> **Exercise aim**
A faithful copy of each record is required, minus the images.

> **Material supplied**
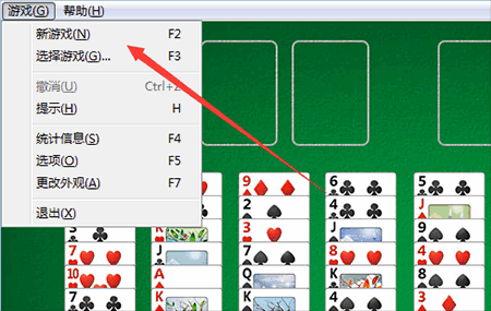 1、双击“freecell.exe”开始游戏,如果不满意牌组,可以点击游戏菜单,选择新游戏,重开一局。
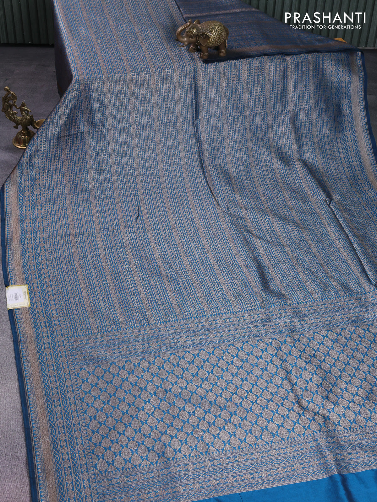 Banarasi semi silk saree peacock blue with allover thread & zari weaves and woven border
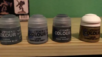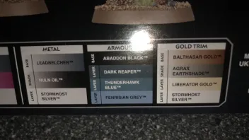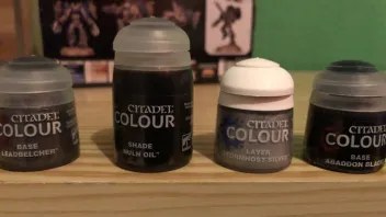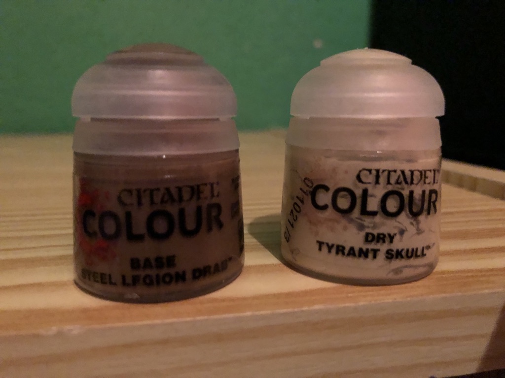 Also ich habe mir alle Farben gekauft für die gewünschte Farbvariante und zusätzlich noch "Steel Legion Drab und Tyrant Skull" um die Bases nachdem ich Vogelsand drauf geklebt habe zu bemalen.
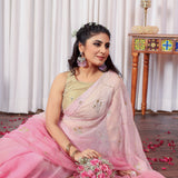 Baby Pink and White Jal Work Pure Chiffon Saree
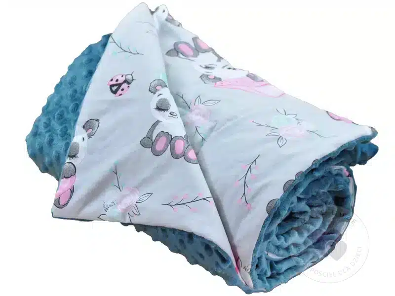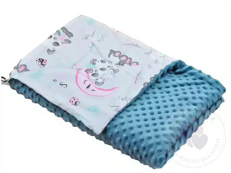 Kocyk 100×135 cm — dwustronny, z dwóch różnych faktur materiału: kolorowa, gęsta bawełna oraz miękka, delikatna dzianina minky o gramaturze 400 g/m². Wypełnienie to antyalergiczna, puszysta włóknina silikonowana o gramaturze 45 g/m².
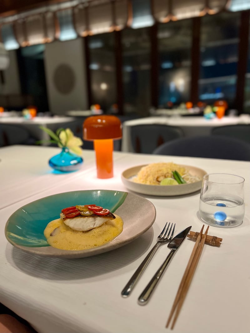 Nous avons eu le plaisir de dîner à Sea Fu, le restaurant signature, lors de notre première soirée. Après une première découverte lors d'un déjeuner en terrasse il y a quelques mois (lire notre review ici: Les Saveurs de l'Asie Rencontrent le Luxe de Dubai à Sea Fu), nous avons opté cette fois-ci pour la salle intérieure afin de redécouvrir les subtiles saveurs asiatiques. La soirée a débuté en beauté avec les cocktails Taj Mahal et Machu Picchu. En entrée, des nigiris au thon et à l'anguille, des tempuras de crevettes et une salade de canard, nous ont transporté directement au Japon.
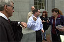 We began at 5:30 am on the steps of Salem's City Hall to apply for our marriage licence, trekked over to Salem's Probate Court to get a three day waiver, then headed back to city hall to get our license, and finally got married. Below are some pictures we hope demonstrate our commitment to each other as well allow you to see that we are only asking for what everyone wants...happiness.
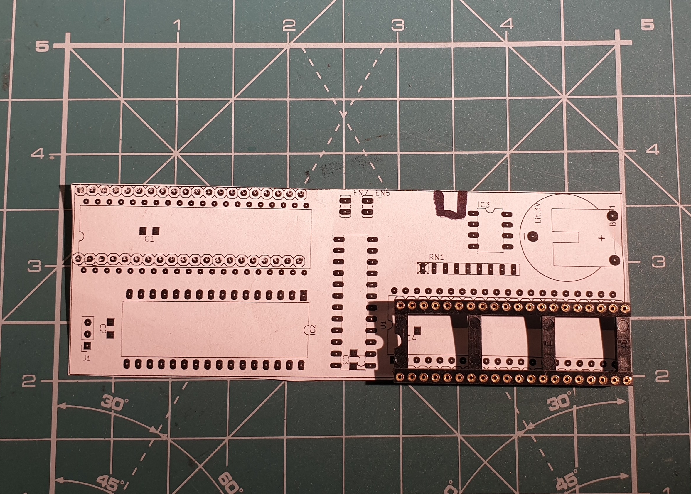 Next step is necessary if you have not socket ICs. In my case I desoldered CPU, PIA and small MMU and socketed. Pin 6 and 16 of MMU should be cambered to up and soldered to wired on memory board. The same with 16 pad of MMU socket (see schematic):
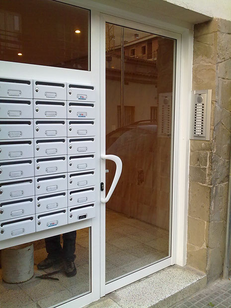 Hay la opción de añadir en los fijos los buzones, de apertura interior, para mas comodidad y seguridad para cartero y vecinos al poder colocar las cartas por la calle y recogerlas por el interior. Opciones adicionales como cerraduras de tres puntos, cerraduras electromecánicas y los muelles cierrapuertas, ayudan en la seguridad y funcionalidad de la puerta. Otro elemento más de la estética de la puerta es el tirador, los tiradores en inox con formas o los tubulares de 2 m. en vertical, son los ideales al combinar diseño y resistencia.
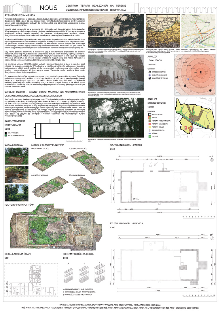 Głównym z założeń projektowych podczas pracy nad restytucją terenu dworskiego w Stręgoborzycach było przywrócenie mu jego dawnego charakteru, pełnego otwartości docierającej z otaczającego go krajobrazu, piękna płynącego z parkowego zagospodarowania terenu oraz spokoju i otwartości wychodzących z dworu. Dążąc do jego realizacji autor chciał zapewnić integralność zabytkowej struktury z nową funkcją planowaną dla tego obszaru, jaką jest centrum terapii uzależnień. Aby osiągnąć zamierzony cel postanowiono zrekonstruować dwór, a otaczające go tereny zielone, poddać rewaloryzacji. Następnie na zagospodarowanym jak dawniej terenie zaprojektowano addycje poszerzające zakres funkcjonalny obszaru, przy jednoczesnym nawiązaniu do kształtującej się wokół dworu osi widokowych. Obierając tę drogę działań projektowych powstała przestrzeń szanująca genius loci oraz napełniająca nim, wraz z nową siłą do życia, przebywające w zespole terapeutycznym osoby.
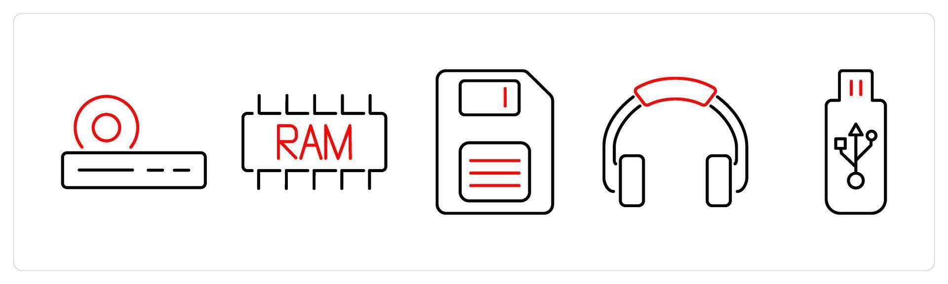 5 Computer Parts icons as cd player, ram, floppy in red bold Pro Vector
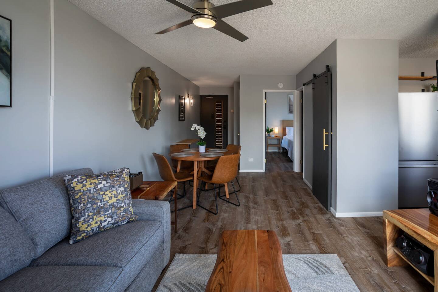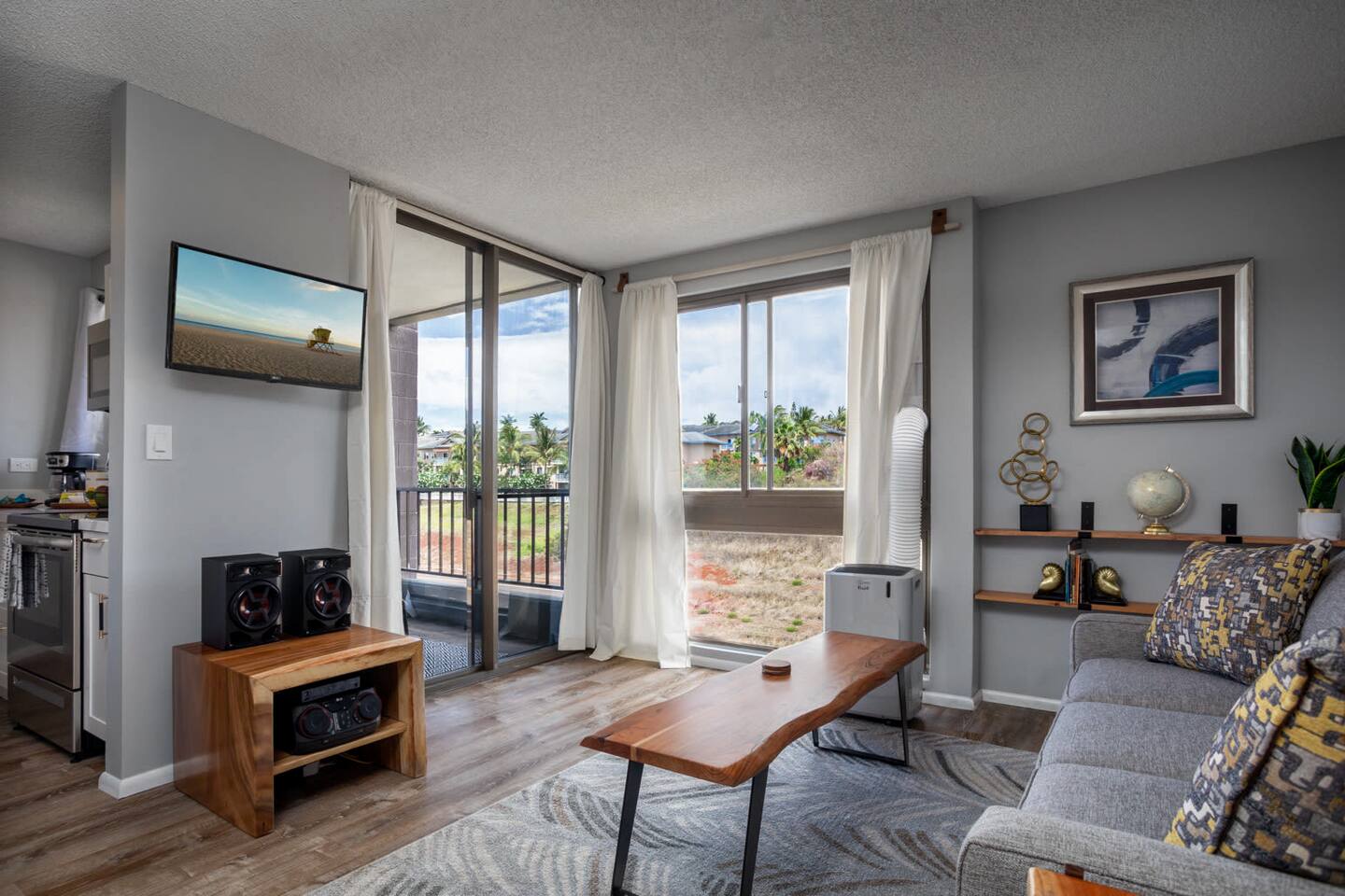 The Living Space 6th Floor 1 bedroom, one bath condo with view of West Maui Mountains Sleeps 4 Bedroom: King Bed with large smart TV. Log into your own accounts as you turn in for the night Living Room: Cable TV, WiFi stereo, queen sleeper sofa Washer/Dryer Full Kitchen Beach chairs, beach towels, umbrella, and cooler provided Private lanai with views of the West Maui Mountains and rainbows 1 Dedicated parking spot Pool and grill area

> **Written answer**
 1、双击“freecell.exe”开始游戏,如果不满意牌组,可以点击游戏菜单,选择新游戏,重开一局。
 Banarasi semi silk saree peacock blue with allover thread & zari weaves and woven border
 Also ich habe mir alle Farben gekauft für die gewünschte Farbvariante und zusätzlich noch "Steel Legion Drab und Tyrant Skull" um die Bases nachdem ich Vogelsand drauf geklebt habe zu bemalen.
 Baby Pink and White Jal Work Pure Chiffon Saree
 Kocyk 100×135 cm — dwustronny, z dwóch różnych faktur materiału: kolorowa, gęsta bawełna oraz miękka, delikatna dzianina minky o gramaturze 400 g/m². Wypełnienie to antyalergiczna, puszysta włóknina silikonowana o gramaturze 45 g/m².
 Nous avons eu le plaisir de dîner à Sea Fu, le restaurant signature, lors de notre première soirée. Après une première découverte lors d'un déjeuner en terrasse il y a quelques mois (lire notre review ici: Les Saveurs de l'Asie Rencontrent le Luxe de Dubai à Sea Fu), nous avons opté cette fois-ci pour la salle intérieure afin de redécouvrir les subtiles saveurs asiatiques. La soirée a débuté en beauté avec les cocktails Taj Mahal et Machu Picchu. En entrée, des nigiris au thon et à l'anguille, des tempuras de crevettes et une salade de canard, nous ont transporté directement au Japon.
 We began at 5:30 am on the steps of Salem's City Hall to apply for our marriage licence, trekked over to Salem's Probate Court to get a three day waiver, then headed back to city hall to get our license, and finally got married. Below are some pictures we hope demonstrate our commitment to each other as well allow you to see that we are only asking for what everyone wants...happiness.
 Next step is necessary if you have not socket ICs. In my case I desoldered CPU, PIA and small MMU and socketed. Pin 6 and 16 of MMU should be cambered to up and soldered to wired on memory board. The same with 16 pad of MMU socket (see schematic):
 Hay la opción de añadir en los fijos los buzones, de apertura interior, para mas comodidad y seguridad para cartero y vecinos al poder colocar las cartas por la calle y recogerlas por el interior. Opciones adicionales como cerraduras de tres puntos, cerraduras electromecánicas y los muelles cierrapuertas, ayudan en la seguridad y funcionalidad de la puerta. Otro elemento más de la estética de la puerta es el tirador, los tiradores en inox con formas o los tubulares de 2 m. en vertical, son los ideales al combinar diseño y resistencia.
 Głównym z założeń projektowych podczas pracy nad restytucją terenu dworskiego w Stręgoborzycach było przywrócenie mu jego dawnego charakteru, pełnego otwartości docierającej z otaczającego go krajobrazu, piękna płynącego z parkowego zagospodarowania terenu oraz spokoju i otwartości wychodzących z dworu. Dążąc do jego realizacji autor chciał zapewnić integralność zabytkowej struktury z nową funkcją planowaną dla tego obszaru, jaką jest centrum terapii uzależnień. Aby osiągnąć zamierzony cel postanowiono zrekonstruować dwór, a otaczające go tereny zielone, poddać rewaloryzacji. Następnie na zagospodarowanym jak dawniej terenie zaprojektowano addycje poszerzające zakres funkcjonalny obszaru, przy jednoczesnym nawiązaniu do kształtującej się wokół dworu osi widokowych. Obierając tę drogę działań projektowych powstała przestrzeń szanująca genius loci oraz napełniająca nim, wraz z nową siłą do życia, przebywające w zespole terapeutycznym osoby.
 5 Computer Parts icons as cd player, ram, floppy in red bold Pro Vector
 The Living Space 6th Floor 1 bedroom, one bath condo with view of West Maui Mountains Sleeps 4 Bedroom: King Bed with large smart TV. Log into your own accounts as you turn in for the night Living Room: Cable TV, WiFi stereo, queen sleeper sofa Washer/Dryer Full Kitchen Beach chairs, beach towels, umbrella, and cooler provided Private lanai with views of the West Maui Mountains and rainbows 1 Dedicated parking spot Pool and grill area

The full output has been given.